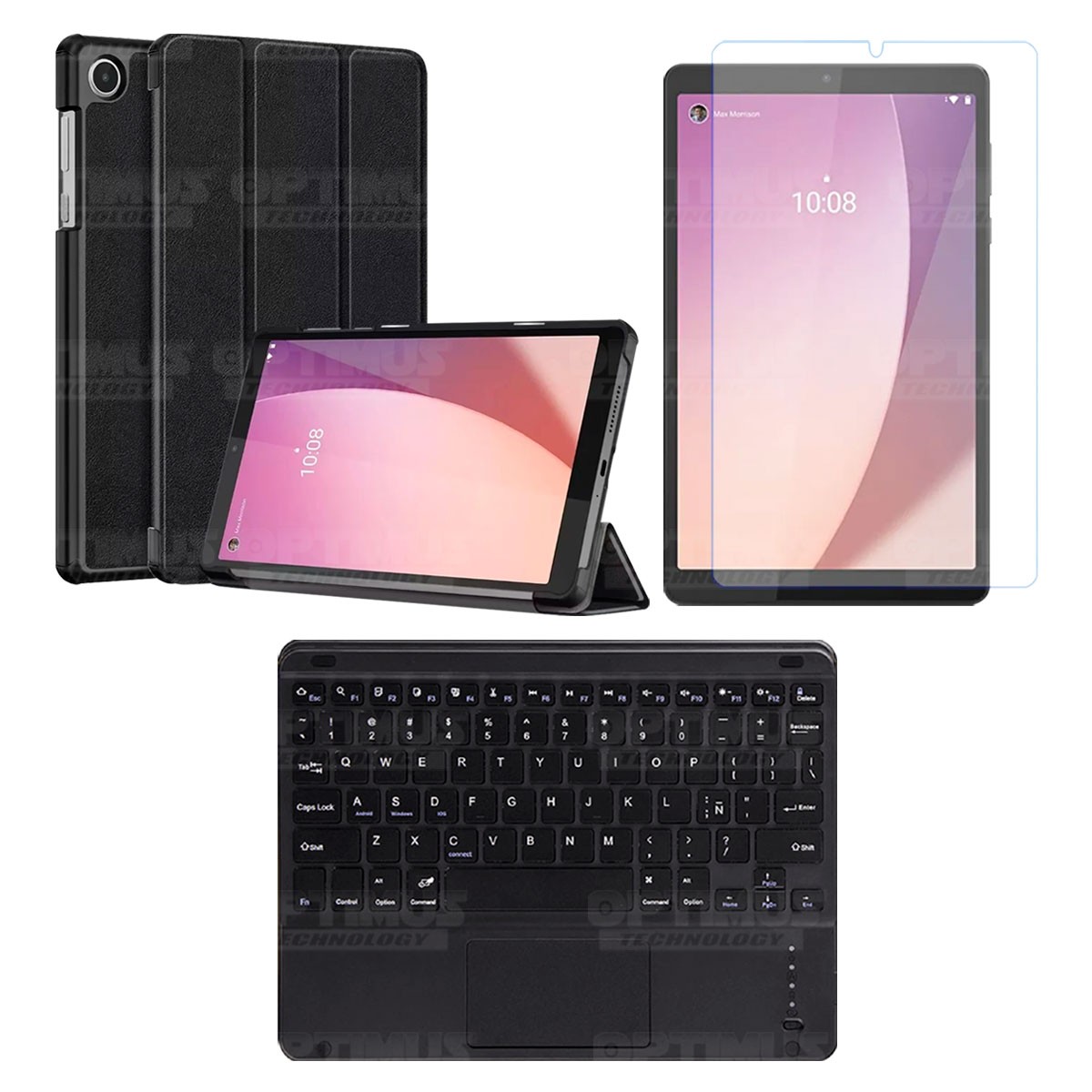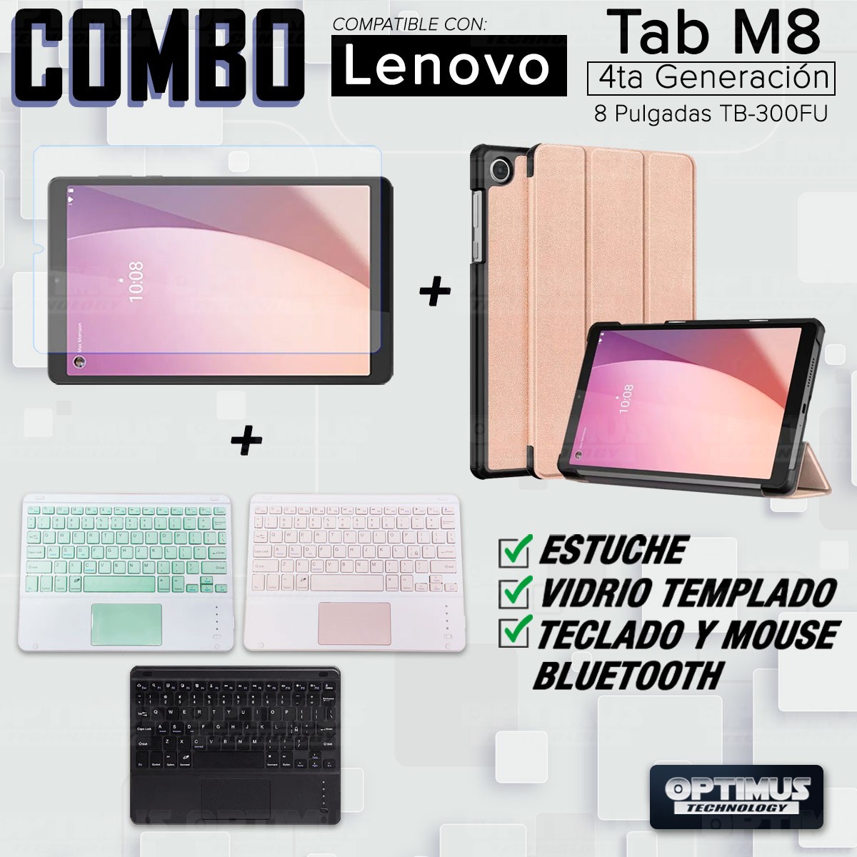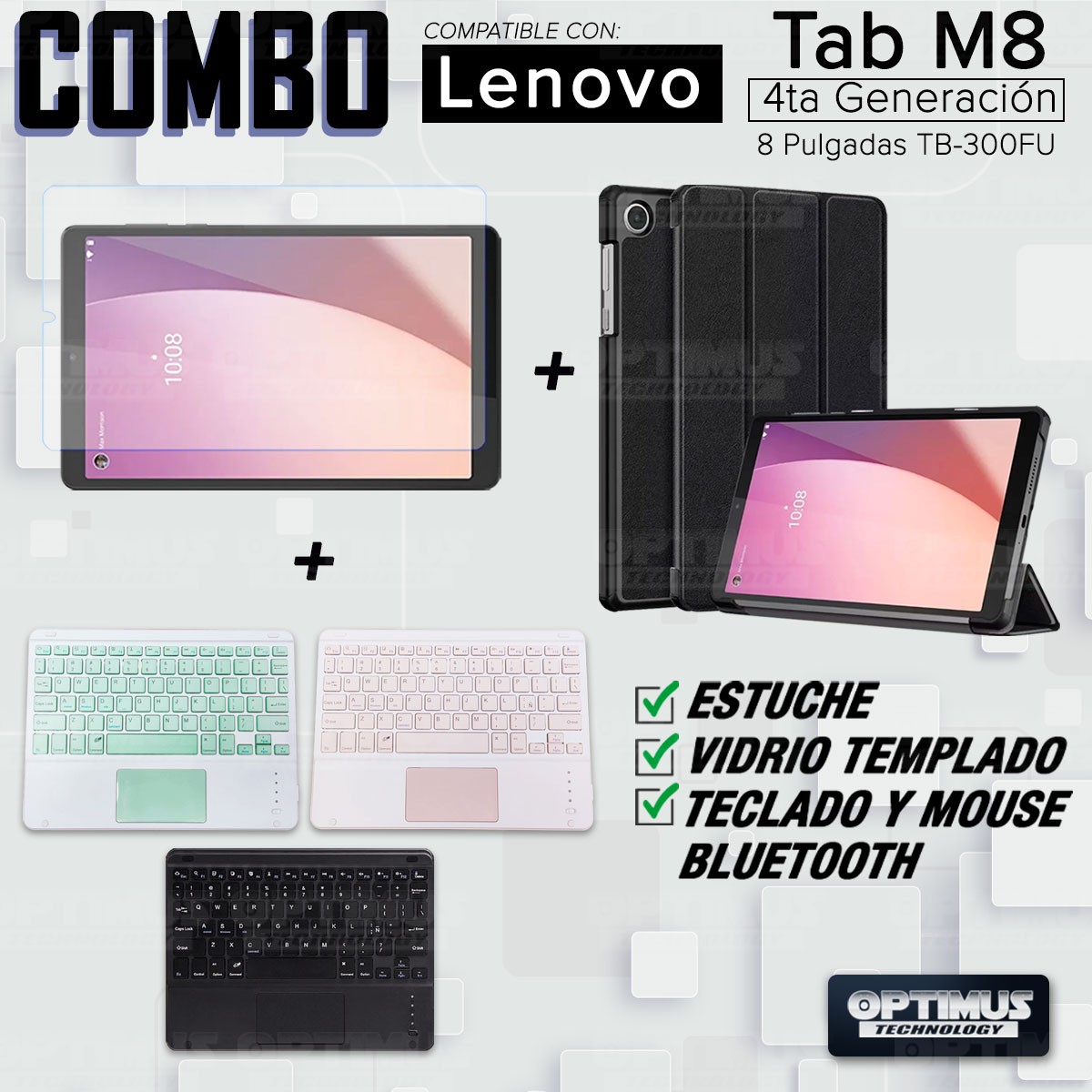 Los ¡Nuevos Kits de Estuche + Vidrio + Teclado + Mouse Touchpad Bluetooth de OPTIMUS™ Le brindan a tu Tablet una alta protección y funcionalidad completa!
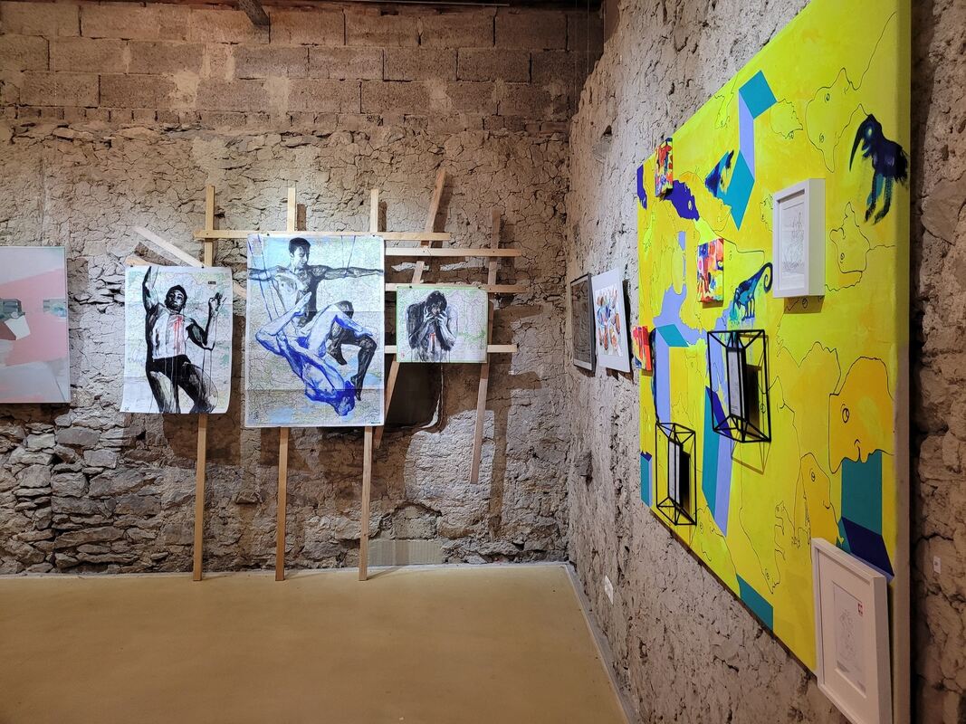 Anna-Maria Kursawe aus Leipzig und Kateryna Bortsova aus Charkiw lernten sich 2014 in der Künstlerkolonie in Kicevo (Nordmazedonien) kennen. Erst der Ausbruch des Kriegs in der Ukraine ließ ihre Wege sich wieder kreuzen. Kursawe erfuhr von den Problemen Bortsovas, die ihre Heimatstadt aufgrund der Kriegssituation verlassen musste. Sie bot ihr eine erste Anlaufstelle zum Wohnen sowie eine Artist-in-Residence-Möglichkeit in Leipzig an. Beide Künstlerinnen befassen sich in ihren figürlichen Arbeiten mit dem Thema »Migration«: Kateryna Bortsova wählt dabei Landkarten von unterschiedlichen Orten dieser Welt; Anna-Maria Kursawe stellt menschenleere, verlassene Räume und Architekturen in ihren Malereien dar.
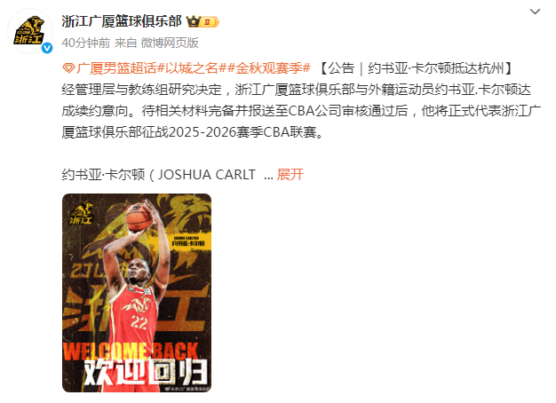 广厦官方公告明确表示:"经管理层与教练组综合评估,浙江广厦篮球俱乐部与外援卡尔顿达成续约意向。待相关材料通过CBA公司审核后,他将正式代表球队征战2025-2026赛季CBA联赛。"这份公告同时透露,卡尔顿已于11月4日晚携家人抵达杭州,目前正随队进行新赛季备战。
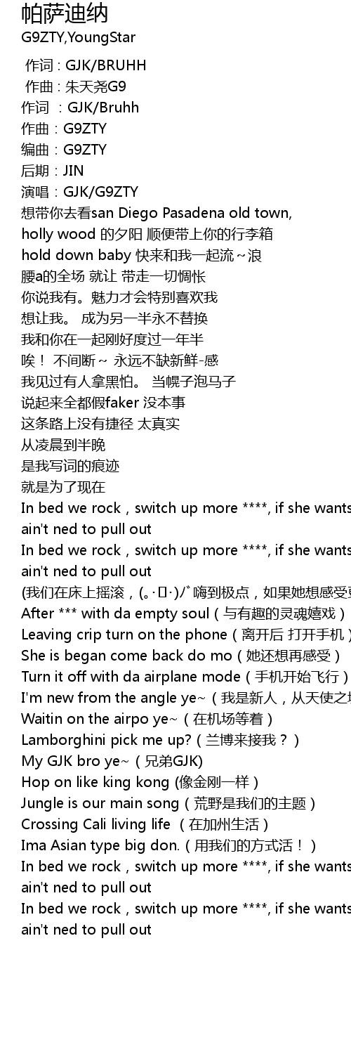 | [01:02.413] | In bed we rock,switch up more ****, if she wants to feel it we ain't ned to pull out |
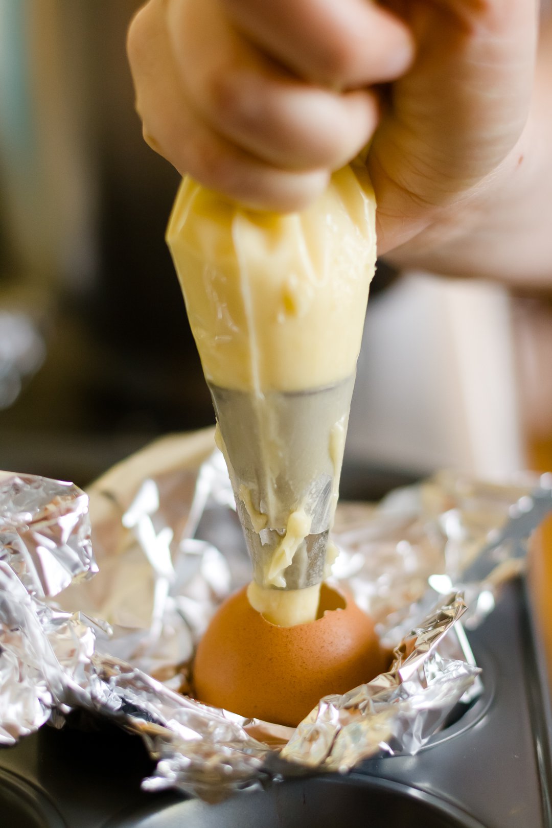 - Load the batter into a piping bag fitted with a large round tip. Make sure that the tip can fit all of the way inside of the hole in each egg. If it can't, slowly expand the hole a little bit at a time until it fits.

:::::

**WORK ITEM**
Reprint the whole listing above exactly, taking out the pictures.

**ANSWER TO THIS PROBLEM**
 Los ¡Nuevos Kits de Estuche + Vidrio + Teclado + Mouse Touchpad Bluetooth de OPTIMUS™ Le brindan a tu Tablet una alta protección y funcionalidad completa!
 Anna-Maria Kursawe aus Leipzig und Kateryna Bortsova aus Charkiw lernten sich 2014 in der Künstlerkolonie in Kicevo (Nordmazedonien) kennen. Erst der Ausbruch des Kriegs in der Ukraine ließ ihre Wege sich wieder kreuzen. Kursawe erfuhr von den Problemen Bortsovas, die ihre Heimatstadt aufgrund der Kriegssituation verlassen musste. Sie bot ihr eine erste Anlaufstelle zum Wohnen sowie eine Artist-in-Residence-Möglichkeit in Leipzig an. Beide Künstlerinnen befassen sich in ihren figürlichen Arbeiten mit dem Thema »Migration«: Kateryna Bortsova wählt dabei Landkarten von unterschiedlichen Orten dieser Welt; Anna-Maria Kursawe stellt menschenleere, verlassene Räume und Architekturen in ihren Malereien dar.
 广厦官方公告明确表示:"经管理层与教练组综合评估,浙江广厦篮球俱乐部与外援卡尔顿达成续约意向。待相关材料通过CBA公司审核后,他将正式代表球队征战2025-2026赛季CBA联赛。"这份公告同时透露,卡尔顿已于11月4日晚携家人抵达杭州,目前正随队进行新赛季备战。
 | [01:02.413] | In bed we rock,switch up more ****, if she wants to feel it we ain't ned to pull out |
 - Load the batter into a piping bag fitted with a large round tip. Make sure that the tip can fit all of the way inside of the hole in each egg. If it can't, slowly expand the hole a little bit at a time until it fits.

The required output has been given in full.